E’ illuminante leggere quanto sostenuto dalla Corte dei Conti chiamata, dalla Commissione Parlamentare, in data 17 luglio 2019, ad esprimere il proprio avviso in merito ai procedimenti avviati dalle Regioni in tema di autonomia differenziata, partendo dallo stato di attuazione delle norme sul federalismo fiscale. Per la Corte tale processo si fonda sul principio di sussidiarietà, nella prospettiva che l’Ente più vicino alla popolazione sia in grado di soddisfarne meglio le esigenze. L’attribuzione di ulteriori funzioni e competenze dovrebbe pertanto essere riconosciuta alle Regioni in quanto si dimostrino in grado di esercitarle meglio rispetto all’attuale grado di efficienza operativa dello Stato. In particolare vengono sollevati quattro elementi di riflessione: – Effettiva capacità della contabilità degli enti decentrati di rappresentare in modo chiaro e trasparente gli esiti della gestione – Nel ridefinire l’assetto della finanza decentrata, restano fermi gli obiettivi di fondo che le decisioni circa l’offerta pubblica di servizi vengano assunte sul territorio, che gli amministratori locali siano responsabili nei confronti dei cittadini elettori, che siano adottati strumenti idonei a rendere evidenti gli effetti delle scelte degli amministratori al corpo elettorale. – La possibilità di aumentare il novero delle funzioni affidate al livello di governo locale deve essere svolta nella cornice di principi che presiedono allo svolgimento del processo autonomistico, ma si rileva come manchino di questo ancora le basi, non essendo stato definito costi e fabbisogni standard, senza i quali è difficile presidiare il percorso di una effettiva funzionalità del sistema. – Valutare gli effetti di tale autonomia differenziata sulla programmazione statale, che deve comunque garantire un quadro unitario ed un raccordo tra le varie realtà. In conclusione, se non tiene conto dei principi di uguaglianza, solidarietà e pari dignità sociale, l’intervento devolutivo sulla sanità rischia di uscire dai delineati irrinunciabili capisaldi costituzionali.

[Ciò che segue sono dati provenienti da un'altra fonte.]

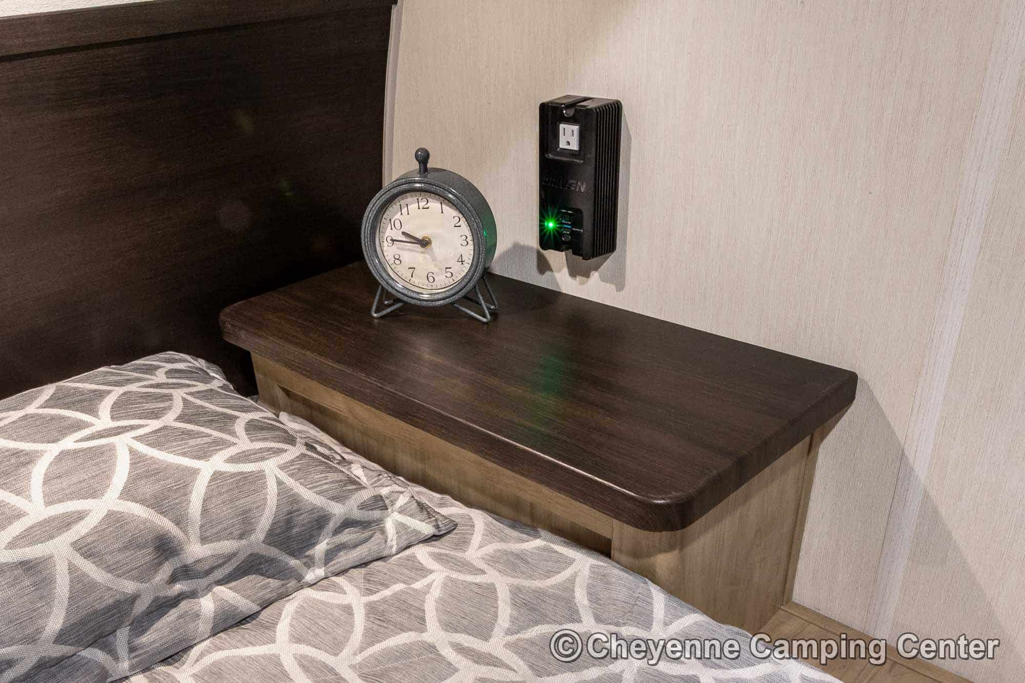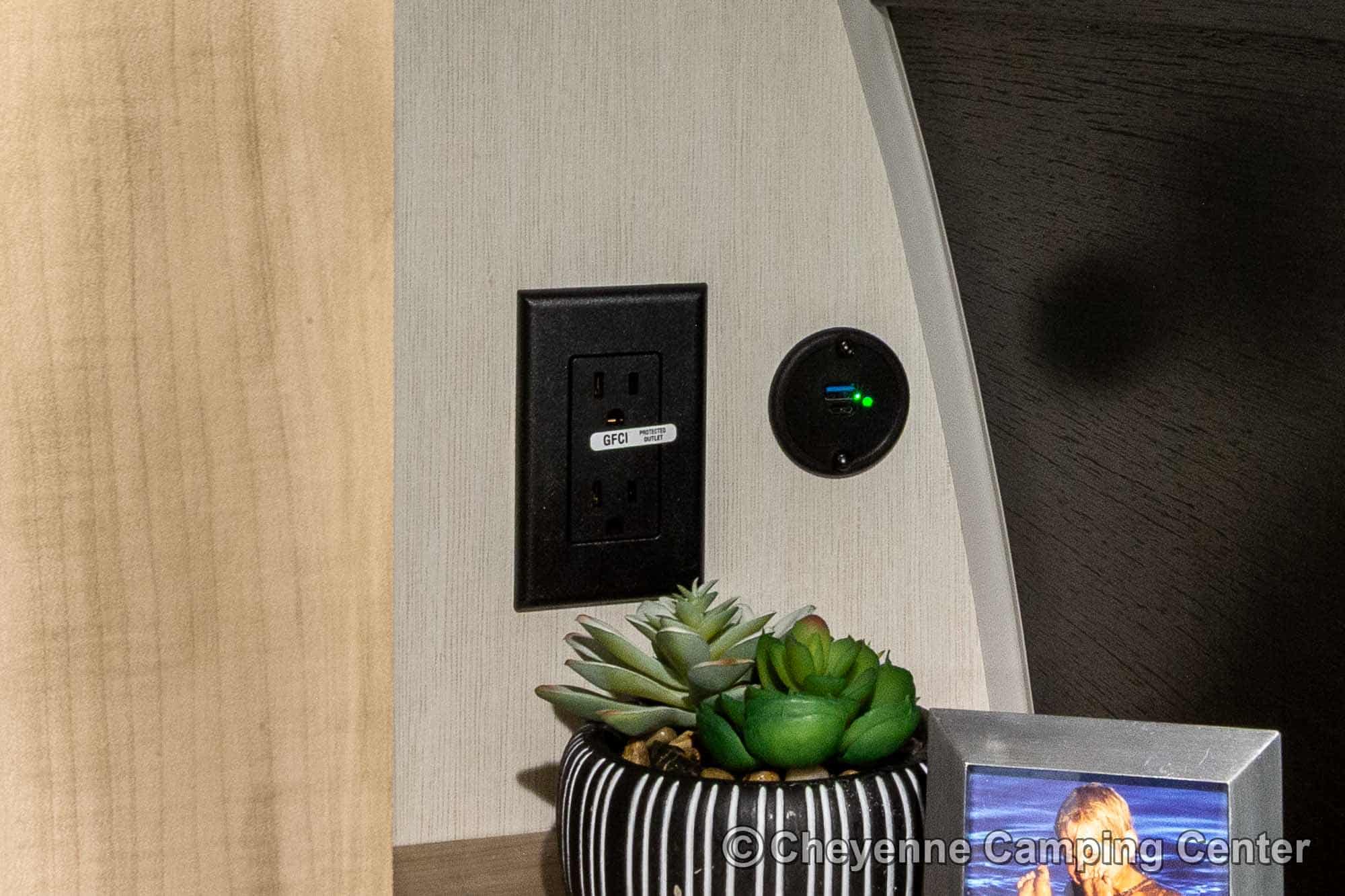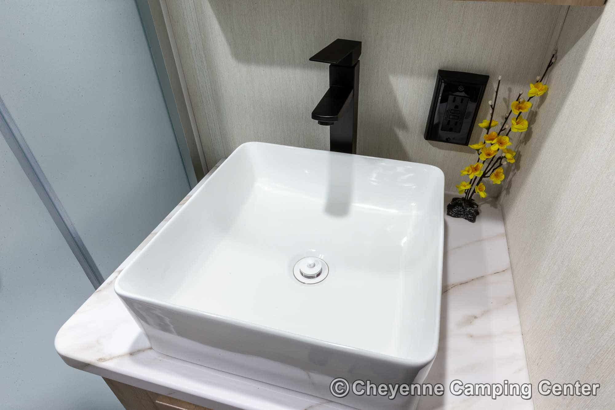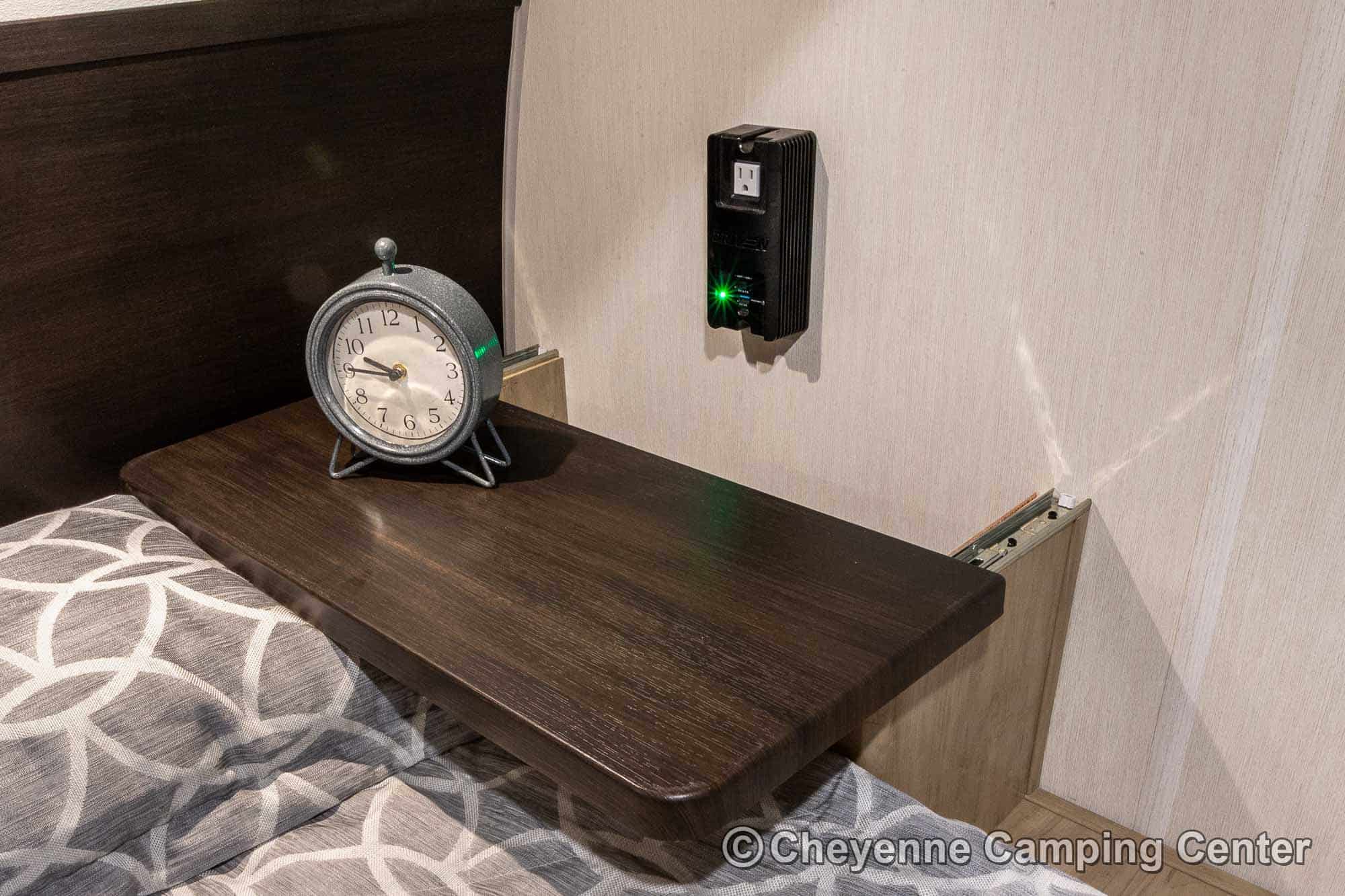 Inside, you’ll find pleated window shades, a microwave/convection oven with air fryer, a large pantry, 10 cu. ft. refrigerator, and a full bath with shower, foot-flush toilet, and premium vent fan. It’s also equipped with a Bluetooth receiver and TV hookups and comes with a one-year manufacturer’s warranty and one year of complimentary roadside assistance.

Ora si rilanci la sanità territoriale

Queste valutazioni dimostrano come sia spinosa la regolamentazione dei rapporti tra i diversi livelli istituzionali, tenendo conto che la riforma di cui alla legge 3/2001, si inserisce in un contesto costituzionale complessivo che non configura una Repubblica federale, ma si riferisce ad un contesto di repubblica parlamentare, che fa dell’unitarietà il proprio principio guida. Il problema dei rapporti Stato-Regioni potrebbe essere affrontato per altra via: una nuova riforma costituzionale che sia in grado di affrontare in maniera organica, non parziale come fatto dalla legge 3/2001, il Titolo V, riportando la gerarchia delle fonti al suo naturale alveo, restituendo allo Stato la competenza legislativa più ampia, ma, per un conseguente bilanciamento dei rapporti, prevedere la sostituzione dell’attuale Senato, che giustamente oggi viene considerato una duplicazione, per funzioni ed attività, della Camera dei Deputati, con un Senato delle Regioni, dove vengano portate la rappresentanza e le istanze delle autonomie regionali. Contemporaneamente dovrebbe essere cancellata la Riforma Delrio in materia di Provincie e Città metropolitane, un inutile ibrido peraltro ingovernabile, restituendo ai Comuni competenze e significato anche in ambito sanitario. Ad esempio, se si ritiene, e così deve essere, che la sfida del futuro del servizio sanitario si vinca con una nuova sanità di territorio, nella quale non vi siamo più suddivisioni con l’area socio-assistenziale, in questo specifico ambito il ruolo comunale deve essere valorizzato, in un raccordo molto stretto con l’ambito regionale.